*** Supplied material ***

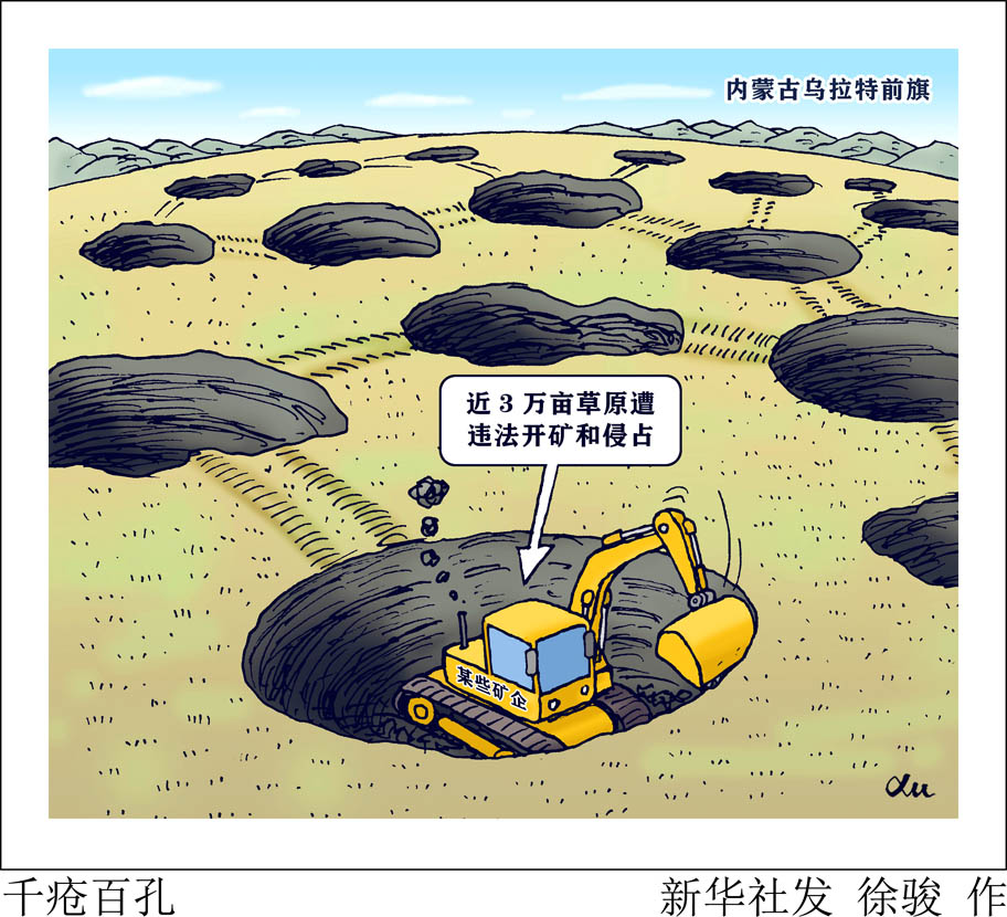 “新華視點(diǎn)”記者日前跟隨中央第三生態(tài)環(huán)境保護(hù)督察組督察發(fā)現(xiàn),內(nèi)蒙古自治區(qū)巴彥淖爾市烏拉特前旗礦山開采長(zhǎng)期無序發(fā)展,近3萬畝草原遭違法開礦和侵占,使原本生態(tài)就脆弱的荒漠半荒漠草原遭受嚴(yán)重破壞。
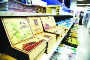 百万庄图书大厦在售的《手绘北京地图》。 本报记者 和冠欣摄
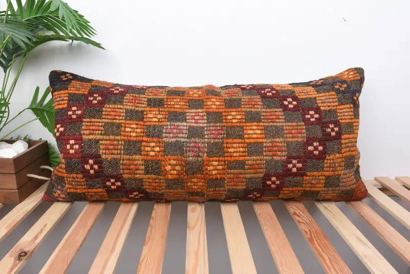 Orange & Rot Southwestern besticktes Wurfkissen, handgemachtes Vintage Kissen
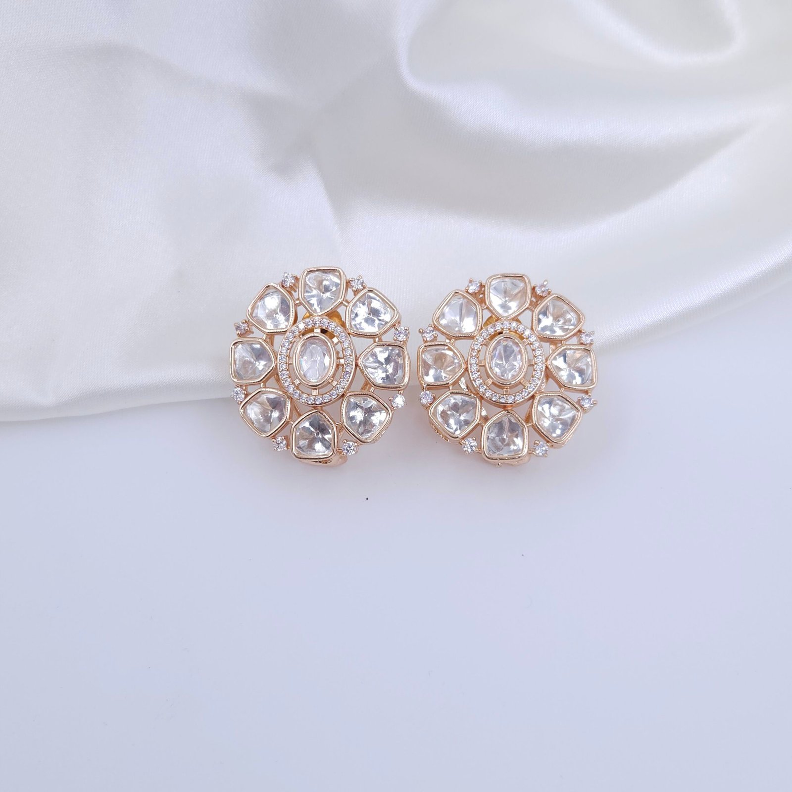 Handcrafted Moissanite & American Diamond Jewellery Set – Rose Gold Choker & Floral Stud Earrings
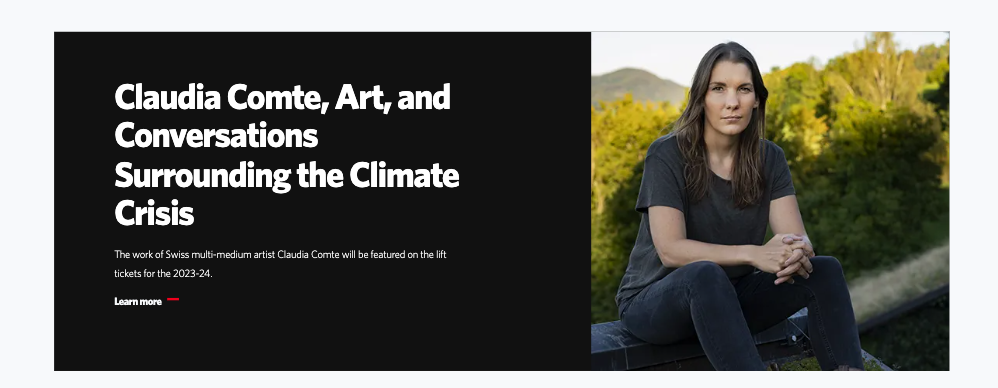 Claudia Comte – For the 2023–2024 season, I interviewed and profiled Swiss multi-disciplinary artist Claudie Comte, whose work explored climate, nature, and playful surrealism. I helped bring her art to life on lift tickets, passes, on-mountain installations, and in storytelling that engaged both guests and the community
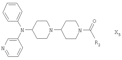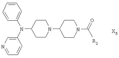 Это соединение получают из фенилпиперидин-4-илпиридин-3-иламина и трет-бутилового эфира 4-фениламинопиперидин-1-карбоновой кислоты, применяя методику, описанную в примере 1, 1в) и 1г). MC/ESI 485 (M+H)+.
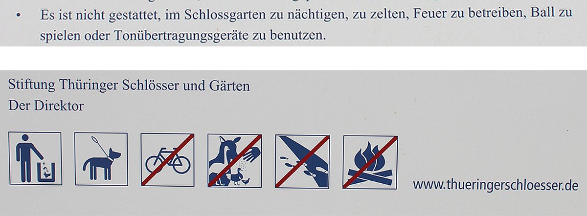 Und haben Sie das oben gelesen? Die Benutzung von Tonübertragungsgeräten im Schlosspark ist nicht gestattet. Dazu zählen ganz streng genommen auch Smartphones und Tablets.
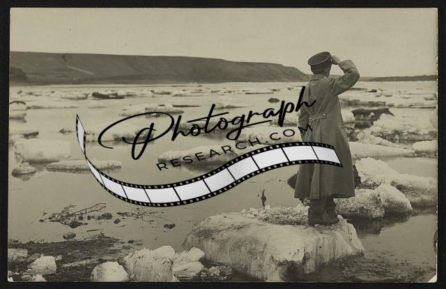 Soldier saluting on iceberg,Enisei River,Siberia,1900-1920,Yenisey River,Russia
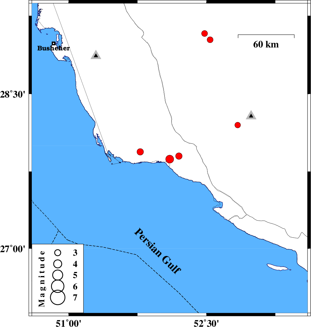 | 2012/07/24 | 01:58:59.5 | 06:28:59.5 | 27.9 | 52.2 | 38 | ML:3.3 | Bushehr Province, 14 km West of Jam | ||
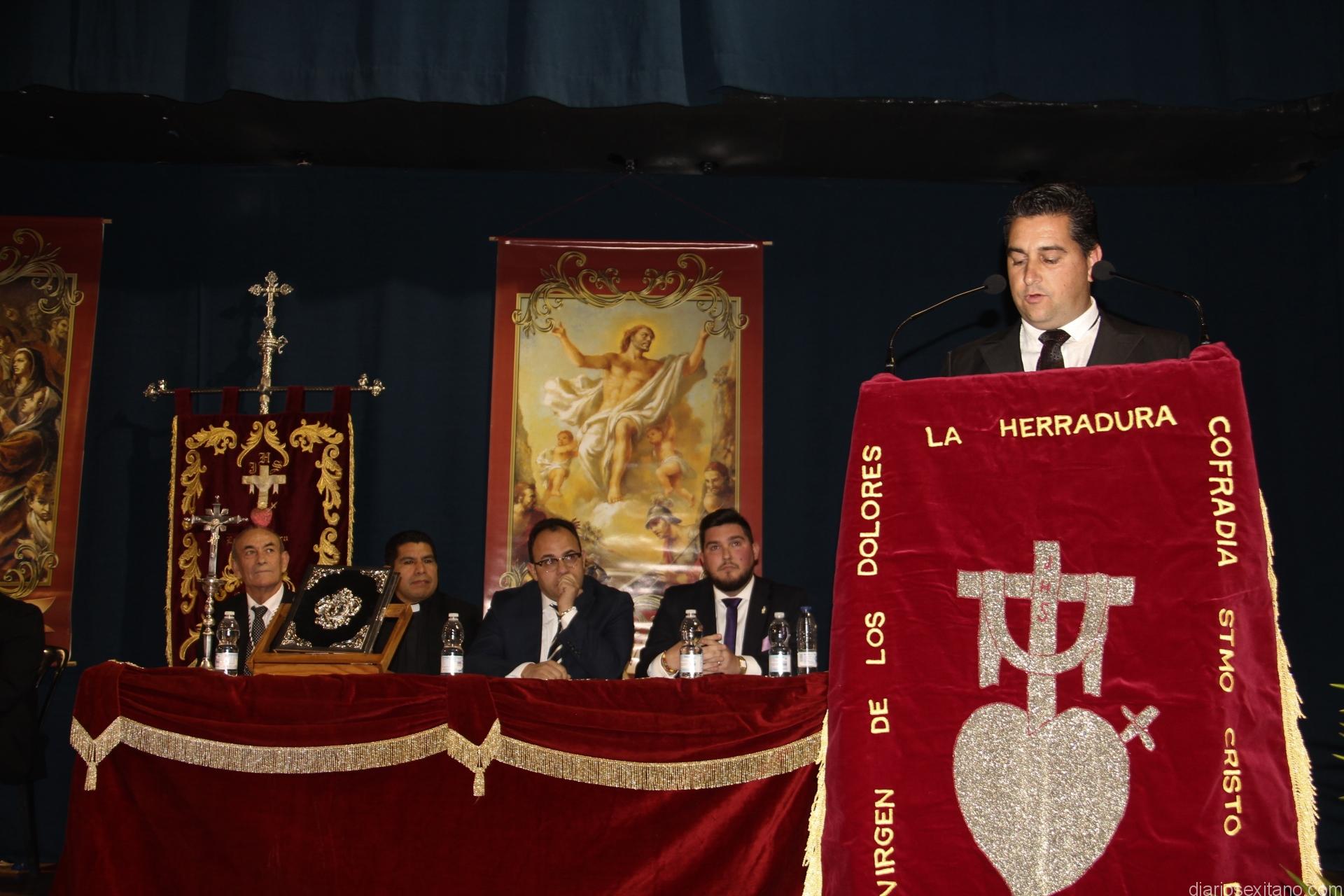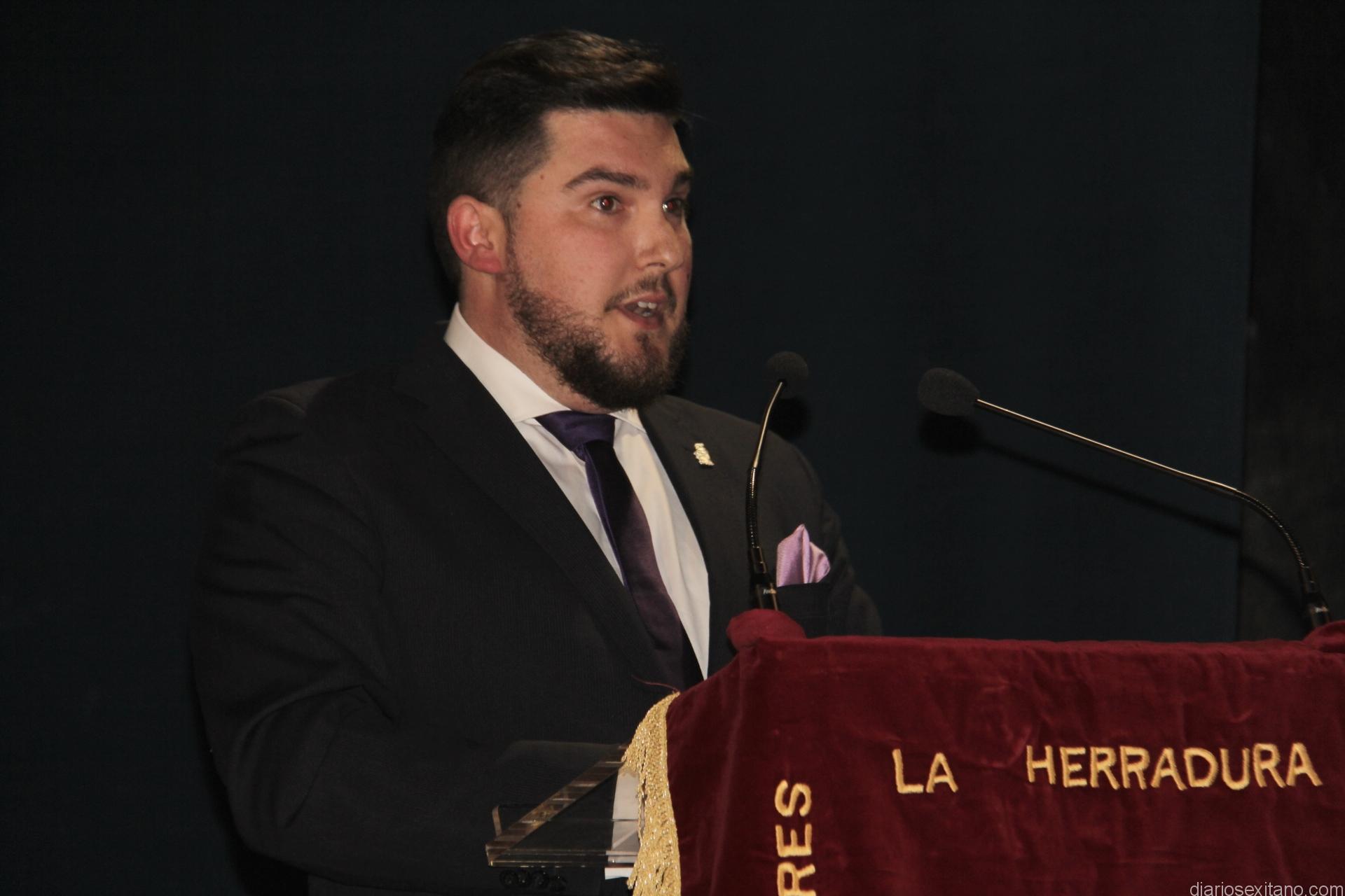 Enrique Trujillo Jiménez, que comenzó su intervención descubriendo junto al Hermano Mayor, Francisco Sánchez Camacho, el cartel oficial de la Semana Santa 2017, recordó su encuentro con La Herradura en 2004 y a través de amor de la que hoy es su esposa. También tuvo palabras de recuerdo para artista local, Pepe Gámez, por el legado que dejó para la Parroquia y, muy especialmente, para la Semana Santa como autor del Cristo del Sepulcro.

*** End of Supplied material ***

What the task asks >> When copying from the data above, print only the lines from the line containing "Orange & Rot" to the line containing "of Jam | ||", exactly, and leave the pictures out.

Answer to the exercise >>
 Orange & Rot Southwestern besticktes Wurfkissen, handgemachtes Vintage Kissen
 Handcrafted Moissanite & American Diamond Jewellery Set – Rose Gold Choker & Floral Stud Earrings
 Claudia Comte – For the 2023–2024 season, I interviewed and profiled Swiss multi-disciplinary artist Claudie Comte, whose work explored climate, nature, and playful surrealism. I helped bring her art to life on lift tickets, passes, on-mountain installations, and in storytelling that engaged both guests and the community
 Это соединение получают из фенилпиперидин-4-илпиридин-3-иламина и трет-бутилового эфира 4-фениламинопиперидин-1-карбоновой кислоты, применяя методику, описанную в примере 1, 1в) и 1г). MC/ESI 485 (M+H)+.
 Und haben Sie das oben gelesen? Die Benutzung von Tonübertragungsgeräten im Schlosspark ist nicht gestattet. Dazu zählen ganz streng genommen auch Smartphones und Tablets.
 Soldier saluting on iceberg,Enisei River,Siberia,1900-1920,Yenisey River,Russia
 | 2012/07/24 | 01:58:59.5 | 06:28:59.5 | 27.9 | 52.2 | 38 | ML:3.3 | Bushehr Province, 14 km West of Jam | ||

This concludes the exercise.